> [BRIEF] Though the entries contain pictures, the copy you make should hold only the rest, exactly as written.

========

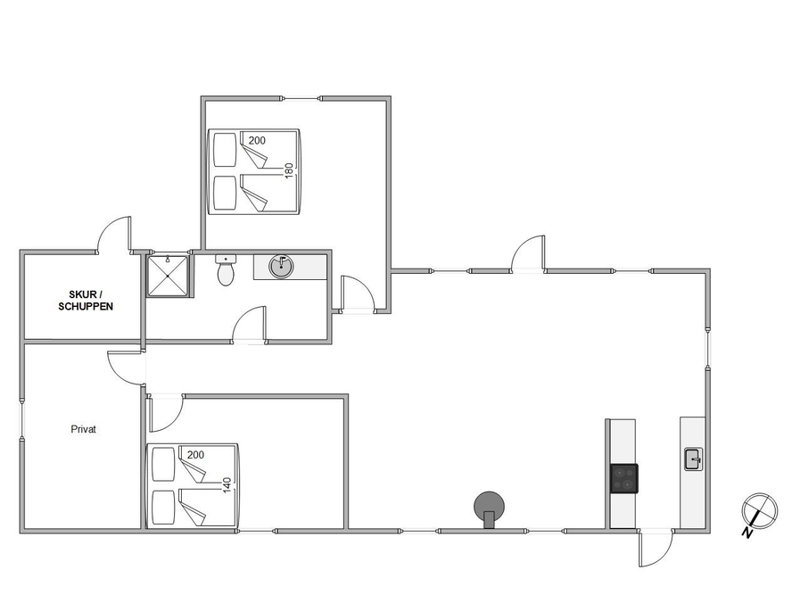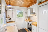 Die helle und liebevolle Einrichtung schafft eine gemütliche Stimmung im Ferienhaus. Viele Fenster sorgen für einen natürlichen Lichteinfall und runden das Erlebnis ideal ab. Am Abend könnt ihr in der schönen, offenen Küche eure Lieblingsspeisen zubereiten. Die Geschirrspülmaschine übernimmt natürlich den Abwasch.
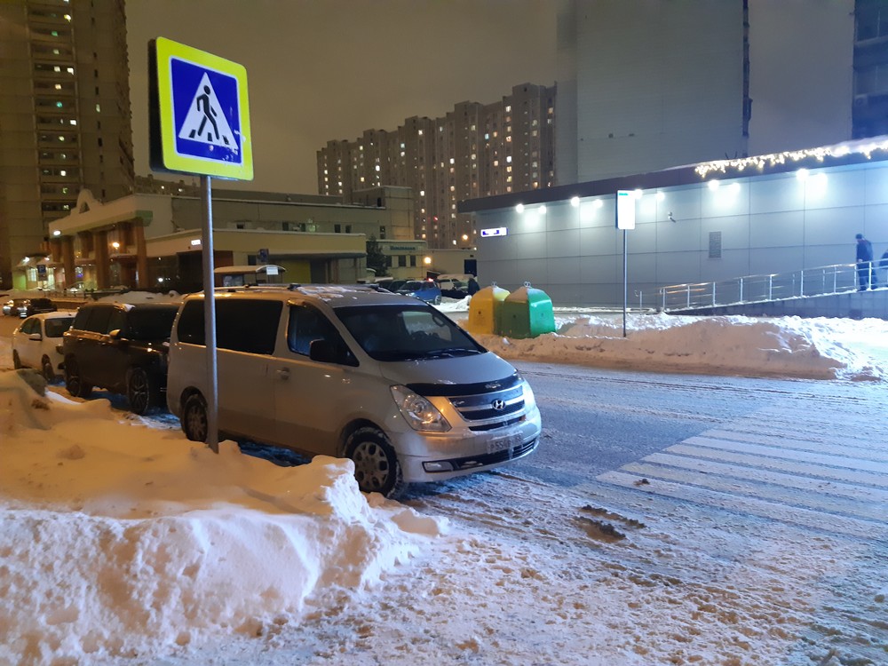 Москва, улица Гурьянова, дом 77. Машина стоит с нарушением прям рядом с пешеходным переходом и закрывает обзор пешеходам, создавая опасную ситуацию.
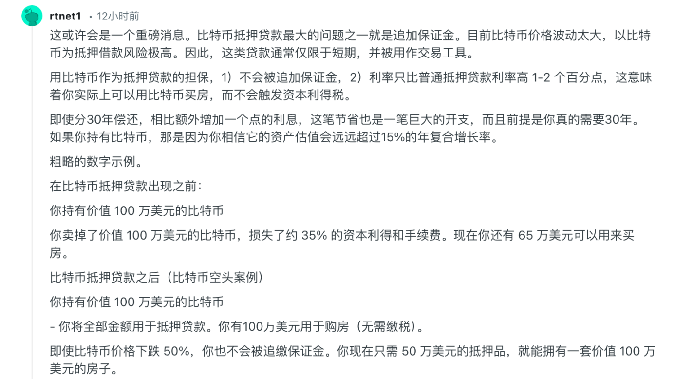 当然,支持的声音也不少,有网友表示高昂的资本利得税使得你卖掉了 100 万美元的比特币,实际到手可能只有 65 万美元,但通过这种方式可以在继续持有比特币的情况下用杠杆买到房子,对很多人来说多了一项选择。
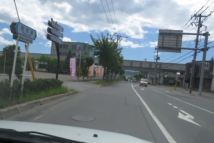 前方がJR石北本線高架橋、写真右が北見駅方向
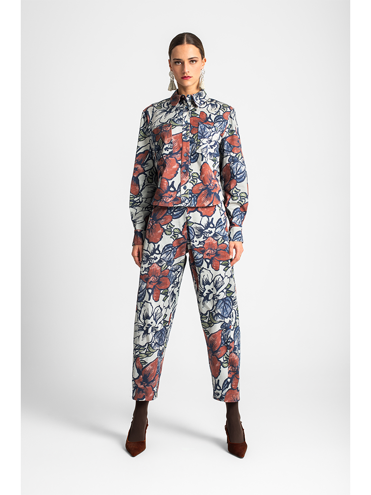 Bold and stylish, these floral printed trousers make a statement with their vibrant design and tailored silhouette. Crafted from stable fabric, they feature a straight-leg cut with a regular fit, offering both comfort and structure. Perfect for elevating your everyday wardrobe, they can be styled with the matching shirt for a striking coordinated look.
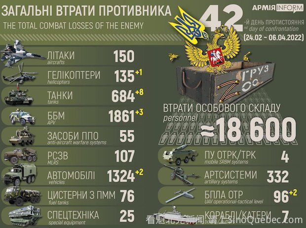 根据多家国际媒体整理。 - 俄军在乌克兰布查(Bucha)镇大量屠杀平民的事件被曝光后,欧洲各国继续采取外交手段抗议俄罗斯,希腊选驱逐20名俄外交人员,继意大利、德国、西班牙、波兰、瑞典、立陶宛等国之后,葡萄牙和罗马尼亚各驱逐10名俄罗斯外交官。 - 继布查镇之后,在乌克兰多个曾经被俄军占领的城市发现大量平民死亡和失踪。 - 罗马教宗Pope Francis谴责俄军在乌克兰布查镇对平民的大屠杀,并称联合国不称职。 - 美国宣布向乌克兰追加1亿美元的安全援助。 - 泽连斯基在联合国安理会上视频讲话,列举俄军在乌克兰屠杀平民的罪证,并呼吁联合国要么采取行动,要么解散。 - 最新民调显示,乌克兰人95%认为能战胜俄罗斯,91%支持加入欧盟。 - 哈薩克斯坦宣布不承认乌东两个独立州。 - 乌军防空部队在4月5日击落8枚俄军巡航导弹。在前一天乌军击落一架俄军先进战机苏凯-35后,俄军战机现在只能躲在白俄罗斯境内向乌克兰目标发射导弹。俄军一架直升飞机向乌军投诚,飞行员获得50万美金的奖金。 - 乌军公布了俄军在乌克兰布查镇执行任务的俄军军官和士兵的名单和其它身份信息。乌方也公布了在白俄罗斯境内俄军从乌克兰抢劫掠夺的民用品寄往俄罗斯各地的发送人、收件人电话、寄送目的地以及急送物品的内容,寄送的物品多是家用电器、衣服、工具。 - 乌方公布的俄军战损:
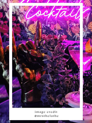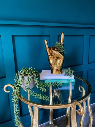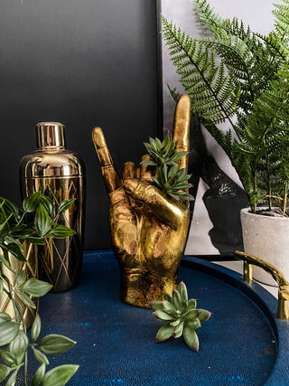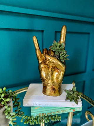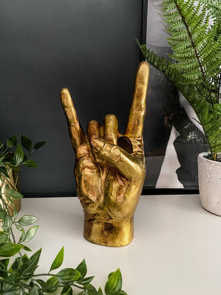 Add an instant fresh and funky update to your decor with this quirky 'rock on' sign vase. A show stopping sculpture that brings something a little different that looks wicked with or without flowers. In a distressed antique gold finish that has a wonderful quality about it including some well manicured nails. For those that love a bit of rock and roll!

========

> [ANSWER BELOW]
 Die helle und liebevolle Einrichtung schafft eine gemütliche Stimmung im Ferienhaus. Viele Fenster sorgen für einen natürlichen Lichteinfall und runden das Erlebnis ideal ab. Am Abend könnt ihr in der schönen, offenen Küche eure Lieblingsspeisen zubereiten. Die Geschirrspülmaschine übernimmt natürlich den Abwasch.
 Москва, улица Гурьянова, дом 77. Машина стоит с нарушением прям рядом с пешеходным переходом и закрывает обзор пешеходам, создавая опасную ситуацию.
 当然,支持的声音也不少,有网友表示高昂的资本利得税使得你卖掉了 100 万美元的比特币,实际到手可能只有 65 万美元,但通过这种方式可以在继续持有比特币的情况下用杠杆买到房子,对很多人来说多了一项选择。
 前方がJR石北本線高架橋、写真右が北見駅方向
 Bold and stylish, these floral printed trousers make a statement with their vibrant design and tailored silhouette. Crafted from stable fabric, they feature a straight-leg cut with a regular fit, offering both comfort and structure. Perfect for elevating your everyday wardrobe, they can be styled with the matching shirt for a striking coordinated look.
 根据多家国际媒体整理。 - 俄军在乌克兰布查(Bucha)镇大量屠杀平民的事件被曝光后,欧洲各国继续采取外交手段抗议俄罗斯,希腊选驱逐20名俄外交人员,继意大利、德国、西班牙、波兰、瑞典、立陶宛等国之后,葡萄牙和罗马尼亚各驱逐10名俄罗斯外交官。 - 继布查镇之后,在乌克兰多个曾经被俄军占领的城市发现大量平民死亡和失踪。 - 罗马教宗Pope Francis谴责俄军在乌克兰布查镇对平民的大屠杀,并称联合国不称职。 - 美国宣布向乌克兰追加1亿美元的安全援助。 - 泽连斯基在联合国安理会上视频讲话,列举俄军在乌克兰屠杀平民的罪证,并呼吁联合国要么采取行动,要么解散。 - 最新民调显示,乌克兰人95%认为能战胜俄罗斯,91%支持加入欧盟。 - 哈薩克斯坦宣布不承认乌东两个独立州。 - 乌军防空部队在4月5日击落8枚俄军巡航导弹。在前一天乌军击落一架俄军先进战机苏凯-35后,俄军战机现在只能躲在白俄罗斯境内向乌克兰目标发射导弹。俄军一架直升飞机向乌军投诚,飞行员获得50万美金的奖金。 - 乌军公布了俄军在乌克兰布查镇执行任务的俄军军官和士兵的名单和其它身份信息。乌方也公布了在白俄罗斯境内俄军从乌克兰抢劫掠夺的民用品寄往俄罗斯各地的发送人、收件人电话、寄送目的地以及急送物品的内容,寄送的物品多是家用电器、衣服、工具。 - 乌方公布的俄军战损:
 Add an instant fresh and funky update to your decor with this quirky 'rock on' sign vase. A show stopping sculpture that brings something a little different that looks wicked with or without flowers. In a distressed antique gold finish that has a wonderful quality about it including some well manicured nails. For those that love a bit of rock and roll!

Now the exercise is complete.